Just because someone doesn't do something for a living, doesn't make them less knowledgeable.
A building inspector is a prime example. Usually some guy that Cant do or never made it on his own, but hes still very knowledgeable.

Sometimes guys say to me " I have been doing it for thirty years" and I say "well you been doing it wrong for thirty years!" Experience doesnt always mean they know what their doing or they produce quality.

Learning and knowing proper techniques is easy for anyone who has an interest in something, but knowing and actually being skilled, are two separate things.


----------



## TylerThePainter (Mar 26, 2015)

My main profession is Painting... but I also do roofing, flooring, and tiles.

So I think its unjustly to say that a flooring guy doesn't know anything about painting and etc...

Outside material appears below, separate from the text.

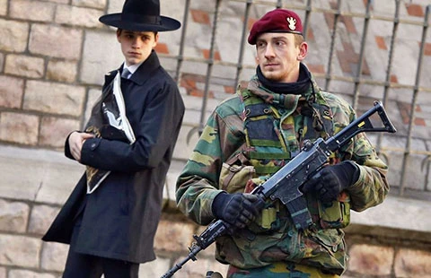 Quân đội canh gác trường học Do Thái ở Bỉ. Ảnh: REUTERS

... Not everybody is restricted to just one trade.


----------



## VinylHanger (Jul 14, 2011)

TylerThePainter said:


> ... Not everybody is restricted to just one trade.

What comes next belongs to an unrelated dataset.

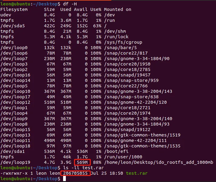 首先你的确认./remake_rootfs.sh.x -m ido_rootfs_add_1000mb.img桌面上的文件夹有内容 , 然后执行df -H可以看到当前PC 系统上挂载了一个分区剩余大小是569M 。

So you are saying that some of us are smiled enough that we can do more than one trade well, but most painters aren't skilled enough to do more than one trade.

Wow, that was rude.

Where's my facetious smilie when I need it.


----------



## TylerThePainter (Mar 26, 2015)

VinylHanger said:


> So you are saying that some of us are smiled enough that we can do more than one trade well, but most painters aren't skilled enough to do more than one trade.
> 
> Wow, that was rude.
> 
> Where's my facetious smilie when I need it.


I think you misunderstood what I said. Im saying Painters can do other trades. And other tradesmen can also do painting.

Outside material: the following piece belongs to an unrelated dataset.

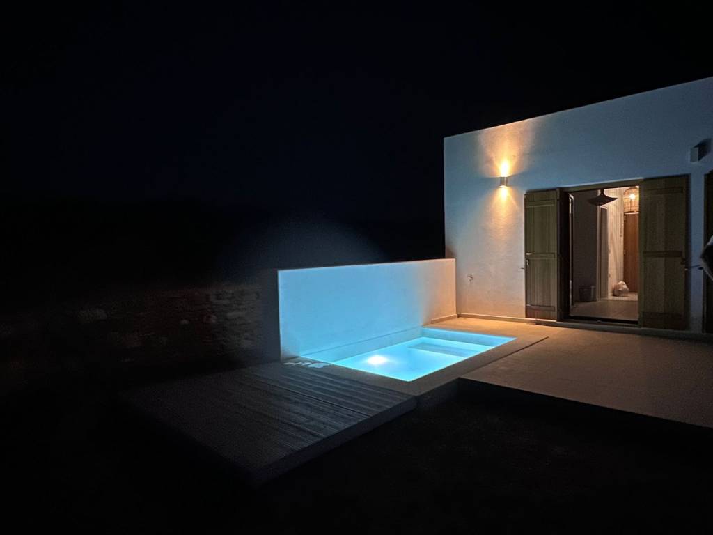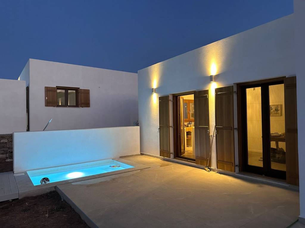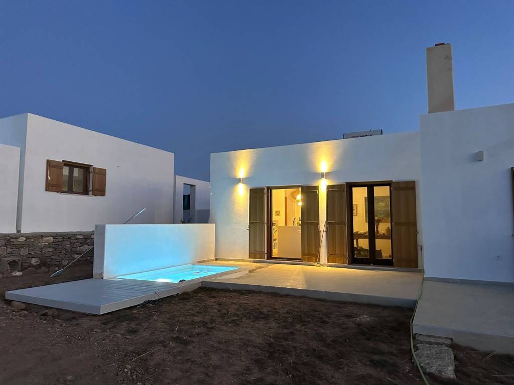 Discover this stunning property on the beautiful island of Paros, offering 8,000 sqm of land with breathtaking views across the Aegean Sea and Naxos Island. Perfectly positioned just a 10-minute walk from the famous New Golden Beach and a 5-minute drive to the picturesque village of Piso Livadi, this estate combines tranquility with easy access to the best of Paros. The property features 240 sqm of living space divided into four independent houses: • Two 1-bedroom cottages – perfect for romantic getaways or cozy retreats • One 2-bedroom house – ideal for small families or friends • One 3-bedroom house – offering generous space for larger groups or owners Each unit comes with its own private splash pool, creating the perfect setting for relaxation while enjoying the panoramic sea views. The estate also boasts a young olive grove, adding Mediterranean charm and potential for your own olive oil harvest in the future.

Some people have skill in many different trades.


----------



## tjbnwi (Feb 24, 2009)

TylerThePainter said:


> I think you misunderstood what I said. Im saying Painters can do other trades. And other tradesmen can also do painting.
> 
> Some people have skill in many different trades.



He was joking, made a tongue in cheek comment. 

Tom


----------



## VinylHanger (Jul 14, 2011)

VinylHanger said:


> Where's my facetious smilie when I need it.


:biggrin:


----------



## TylerThePainter (Mar 26, 2015)

tjbnwi said:


> He was joking, made a tongue in cheek comment.
> 
> Tom


Lol... well that went over my head... :whistling



:laughing: :laughing: :laughing:


----------



## Caslon (Dec 15, 2007)

VinylHanger said:


> So you are saying that some of us are smiled enough that we can do more than one trade well, but most painters aren't skilled enough to do more than one trade.
> 
> /QUOTE]
> 
> ...


----------



## Agility (Nov 29, 2013)

I don't think the forum organization is designed to segregate tradesmen like you're hoping. I think it's a means to keep a huge amount of information and conversation organized. 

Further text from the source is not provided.